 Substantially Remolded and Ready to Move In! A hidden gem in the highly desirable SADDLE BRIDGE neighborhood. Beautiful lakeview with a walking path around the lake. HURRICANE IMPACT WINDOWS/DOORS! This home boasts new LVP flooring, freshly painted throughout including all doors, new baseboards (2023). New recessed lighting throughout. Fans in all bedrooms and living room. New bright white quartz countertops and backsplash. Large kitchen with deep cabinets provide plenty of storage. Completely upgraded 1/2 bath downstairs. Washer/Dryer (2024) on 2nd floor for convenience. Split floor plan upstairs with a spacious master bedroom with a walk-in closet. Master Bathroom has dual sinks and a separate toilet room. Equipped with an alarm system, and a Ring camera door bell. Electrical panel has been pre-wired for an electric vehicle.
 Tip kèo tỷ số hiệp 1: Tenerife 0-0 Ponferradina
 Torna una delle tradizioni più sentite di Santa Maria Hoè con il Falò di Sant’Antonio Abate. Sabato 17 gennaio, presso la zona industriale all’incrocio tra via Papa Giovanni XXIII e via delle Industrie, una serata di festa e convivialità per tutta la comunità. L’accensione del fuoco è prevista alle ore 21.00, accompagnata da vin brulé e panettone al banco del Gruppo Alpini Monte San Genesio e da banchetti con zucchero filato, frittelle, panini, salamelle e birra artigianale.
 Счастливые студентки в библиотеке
════════
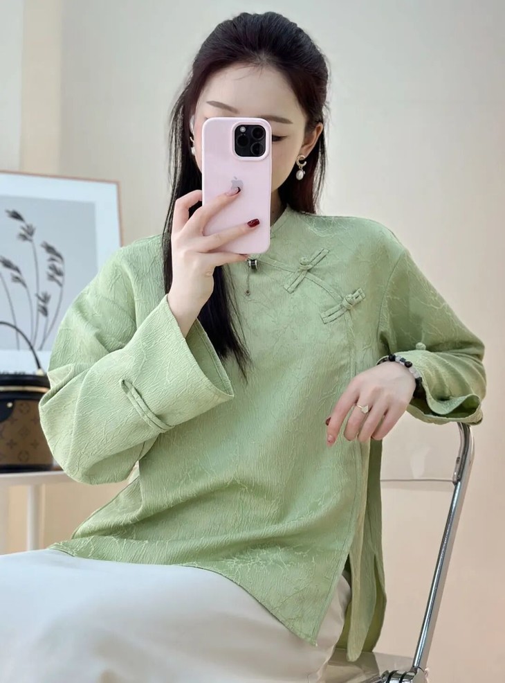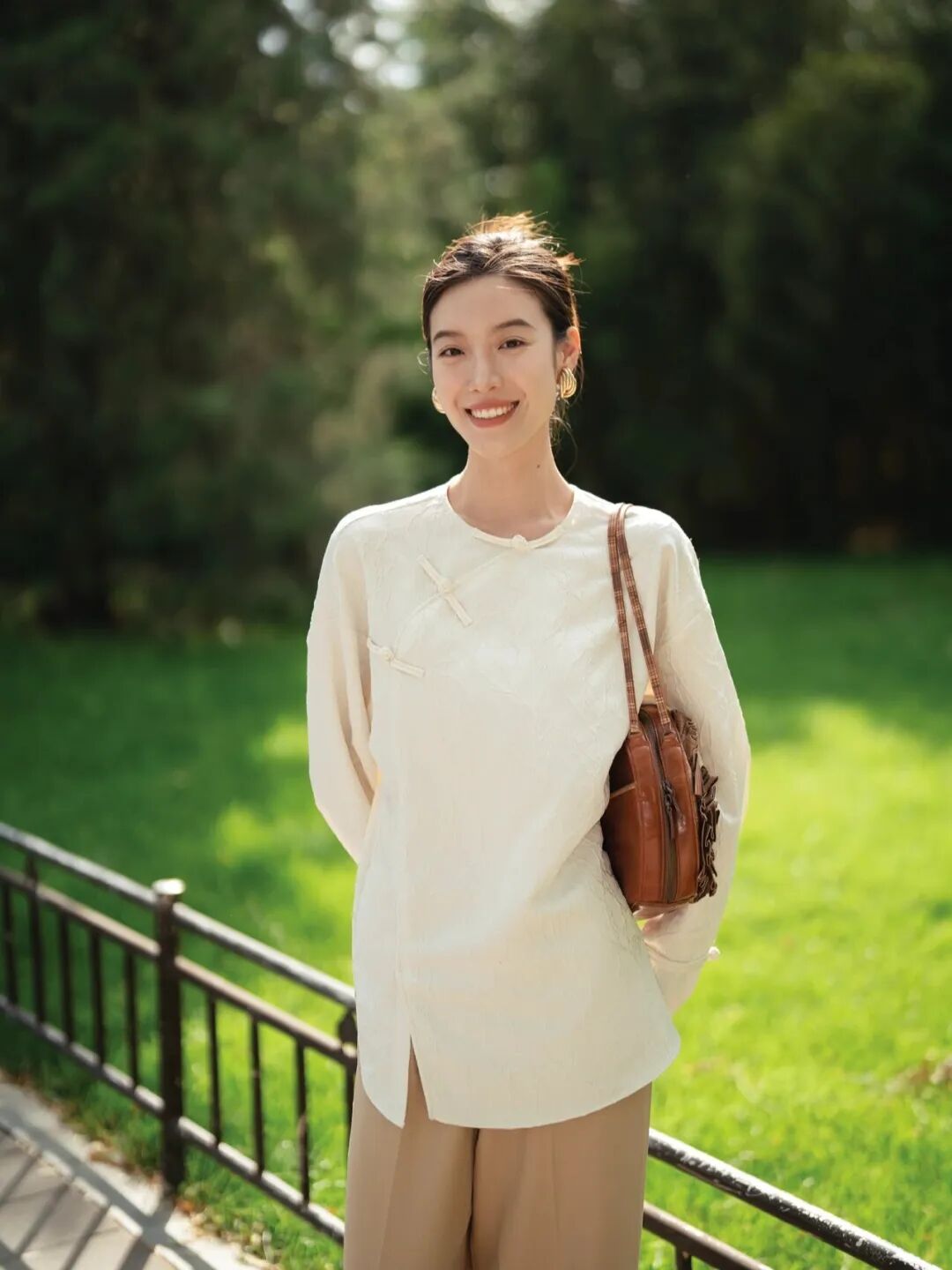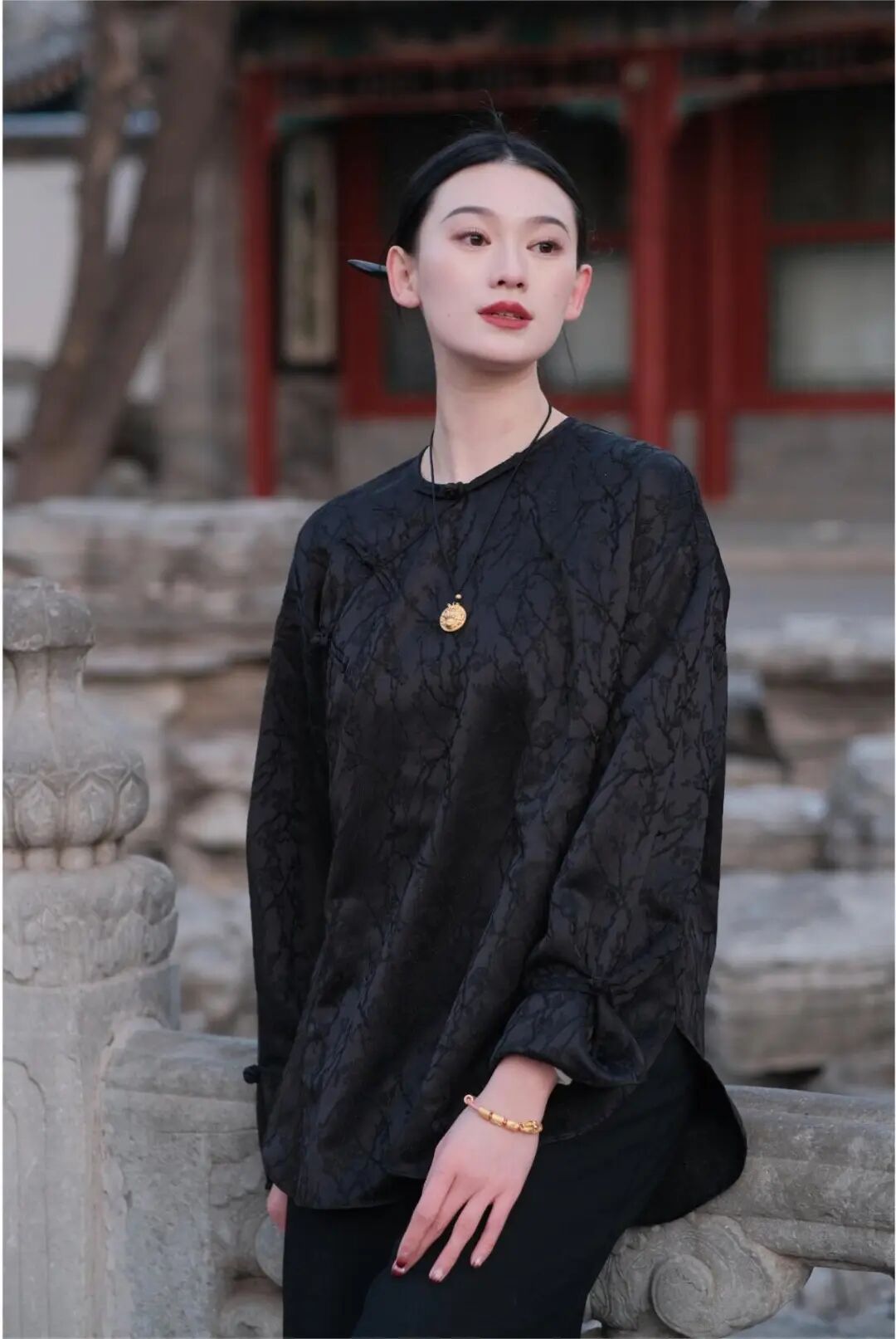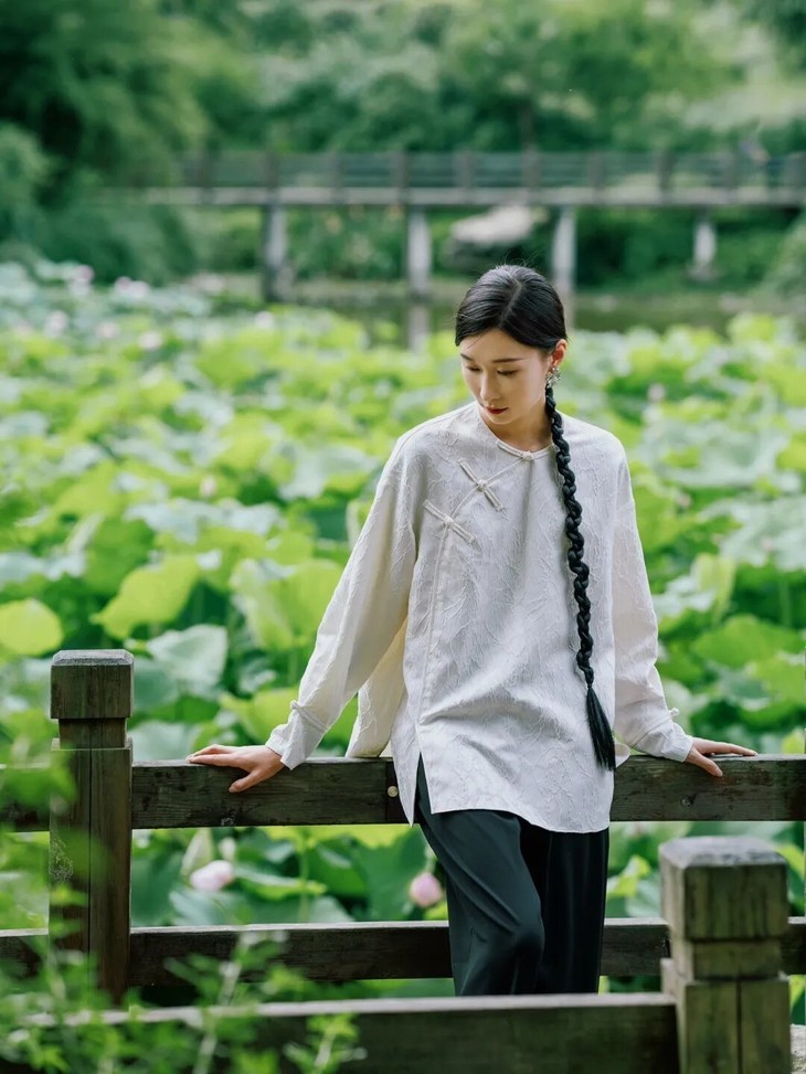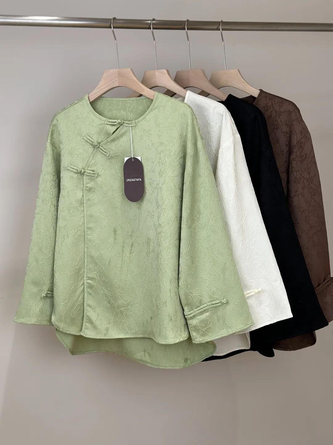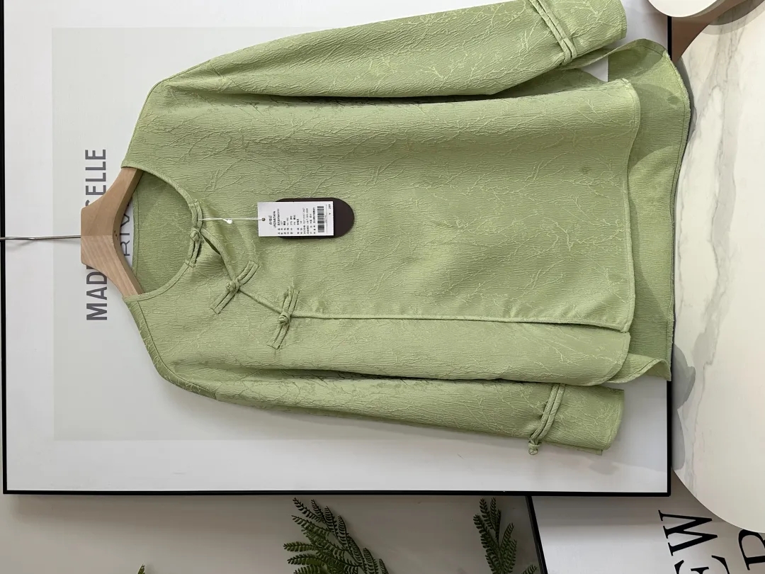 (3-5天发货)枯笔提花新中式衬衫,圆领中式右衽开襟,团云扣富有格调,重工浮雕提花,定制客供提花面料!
════════
● To do
The response should be the listing above, limited to the lines between the one holding "Torna una delle" and the one holding "Счастливые студентки в библиотеке", inclusive, reproduced exactly.

● Solution to this problem
 Torna una delle tradizioni più sentite di Santa Maria Hoè con il Falò di Sant’Antonio Abate. Sabato 17 gennaio, presso la zona industriale all’incrocio tra via Papa Giovanni XXIII e via delle Industrie, una serata di festa e convivialità per tutta la comunità. L’accensione del fuoco è prevista alle ore 21.00, accompagnata da vin brulé e panettone al banco del Gruppo Alpini Monte San Genesio e da banchetti con zucchero filato, frittelle, panini, salamelle e birra artigianale.
 Счастливые студентки в библиотеке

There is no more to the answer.